As further evidence, we warned on Dec. 23, 2021, that the crowd underestimated Americans’ ability and willingness to spend. We wrote:

While “the Fed is trapped” crew cites these issues as reasons for an economic calamity, they often miss the forest through the trees. For example, while the fiscal spending spree may end, U.S. households are still flush with cash…. U.S. households have nearly $3.54 trillion in their checking accounts. For context, this is 253% more than Q4 2019 (pre-COVID-19).

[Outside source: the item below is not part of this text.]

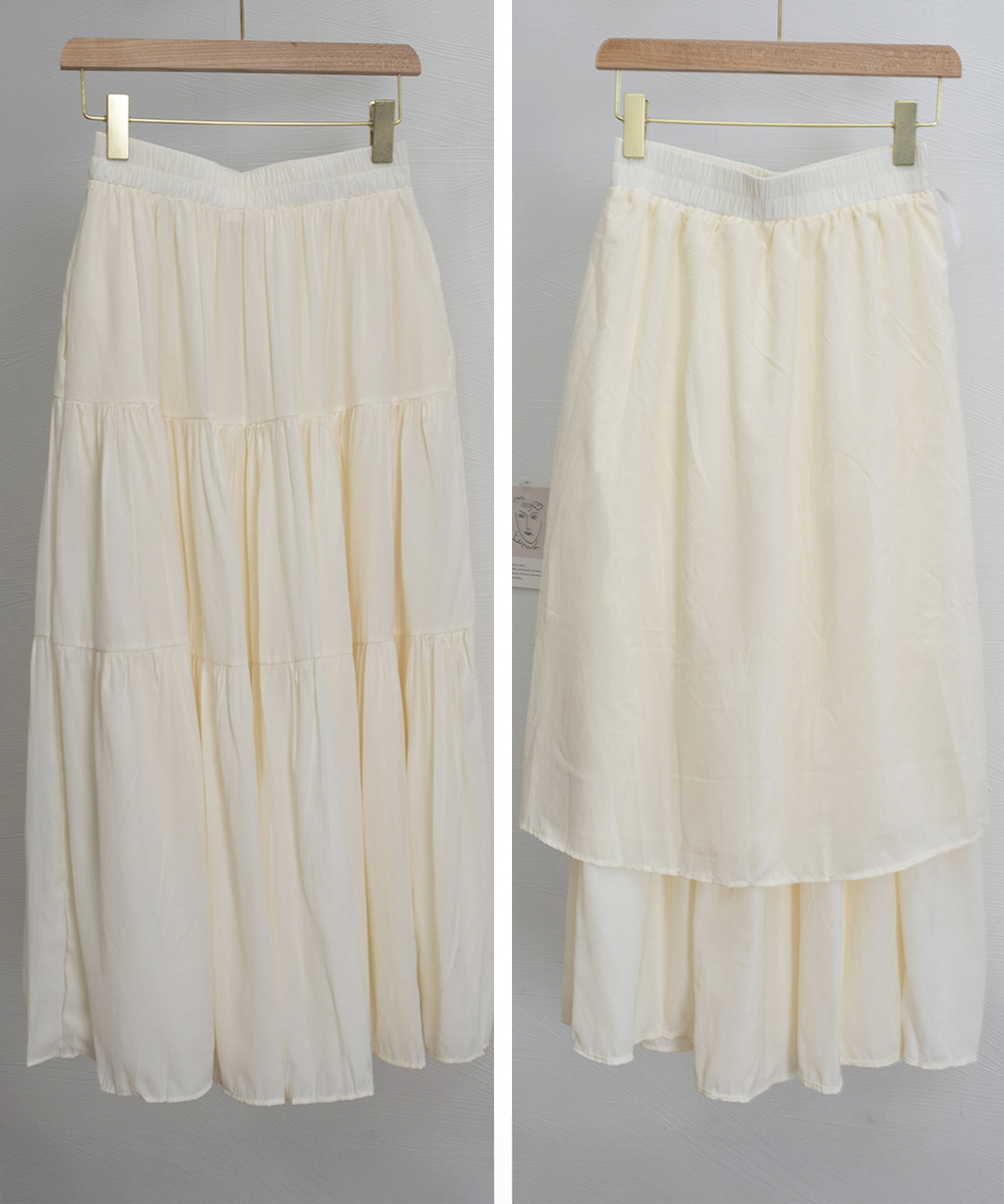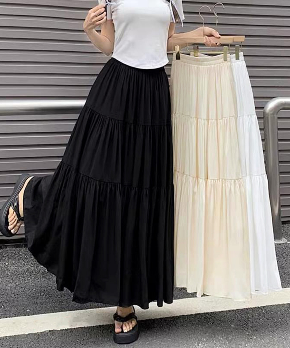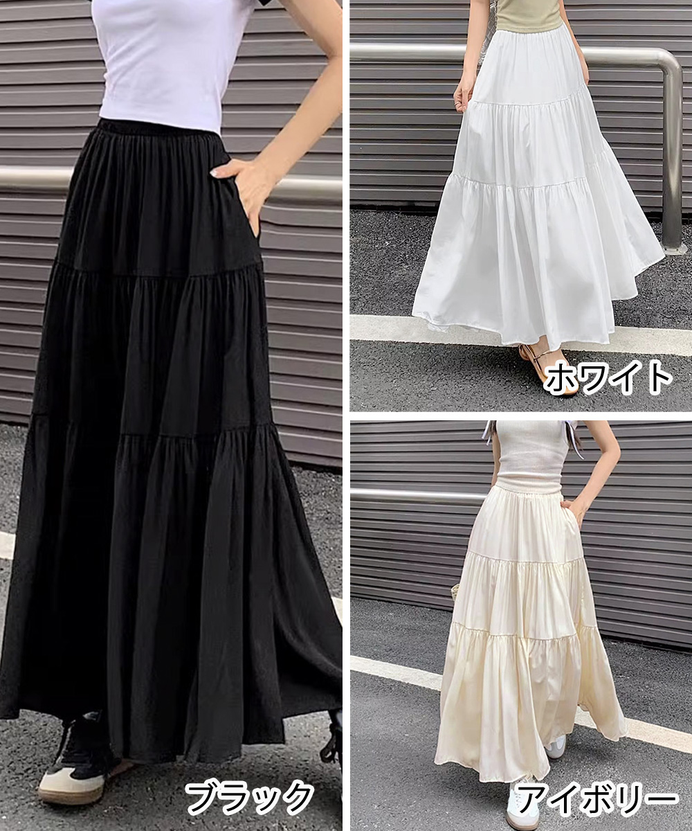 軽やかな生地感と美しい段々フリルが特徴的なティアードロングスカート。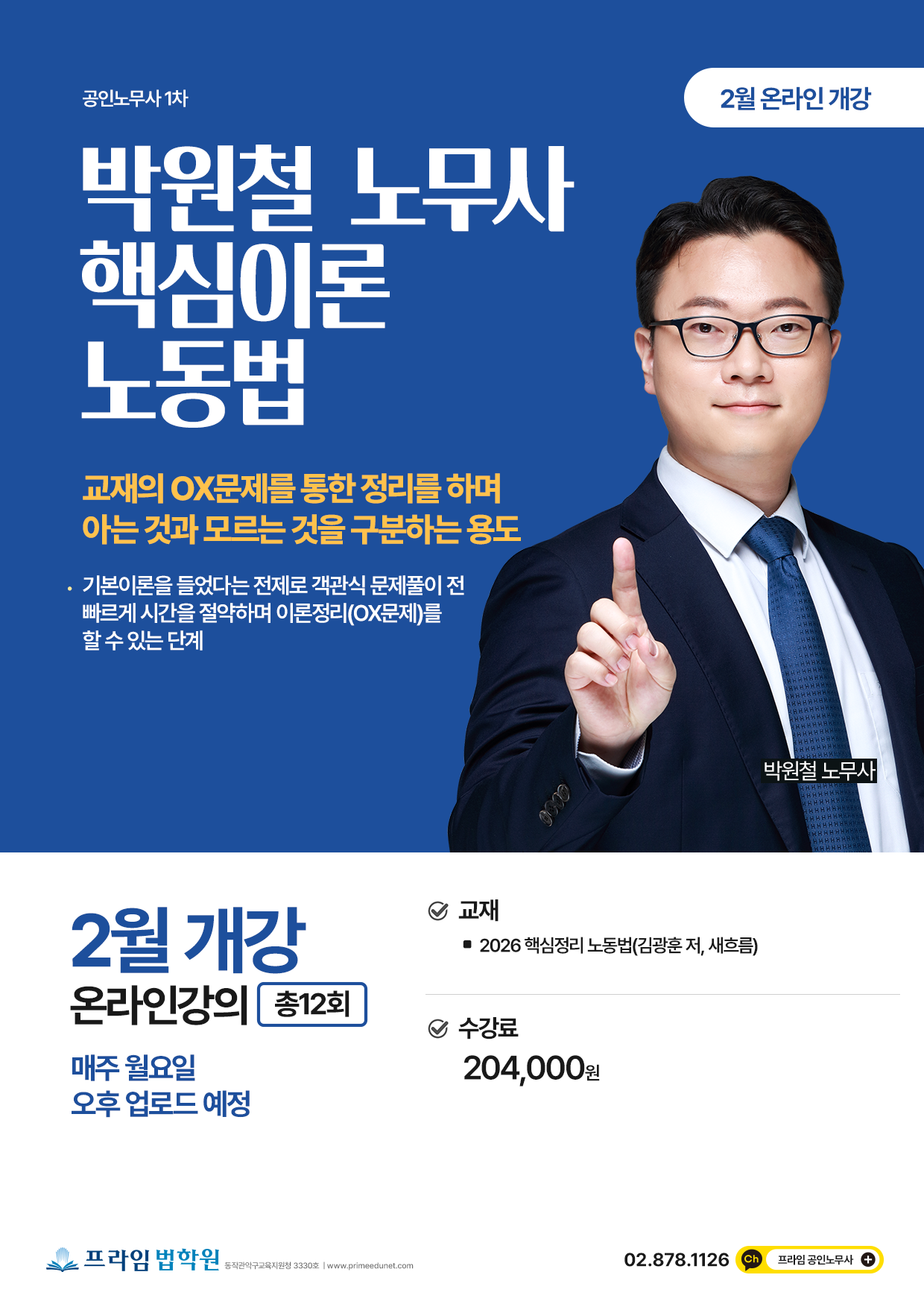 (동영상강의) 2026 박원철 노동법 노무1차 핵심이론 <26年2月>

Yet, while the FFR has surged in 2022 and the crowd still assumes that demand will collapse, the Fed revealed on Dec. 9 that U.S. households have a record ~$4.95 trillion (as of Q3 2022) in their checking and/or demand deposit accounts, which is 379% more than Q4 2019 and 6.3% more than Q2 2022.

Please see below:

Consequently, while investors wait for a destitute consumer to reduce inflation and allow the Fed to pivot, the vertical ascent on the right side of the chart above highlights the profound stimulus imbalance that materialized during the pandemic; and with wage growth also near an all-time high, investors are kidding themselves if they think monetary policy can return to its pre-pandemic state when Americans’ checking account balances have gone parabolic.

Overall, the silver price remains well above its fundamental value, as misguided inflation optimism has created hopes for a dovish pivot. Moreover, while today’s headline CPI print may be relatively weak due to the drop in oil prices, the underlying pressures remain.

Likewise, with Americans' cash balances at a record high, while the U.S. unemployment rate is near a record low, history shows that lower inflation occurs alongside economic distress and large spikes in unemployment.

Therefore, with job openings and Americans' employment expectations far from these levels, the U.S. economy, the S&P 500 and the silver price should suffer immense weakness before inflation is finally defeated.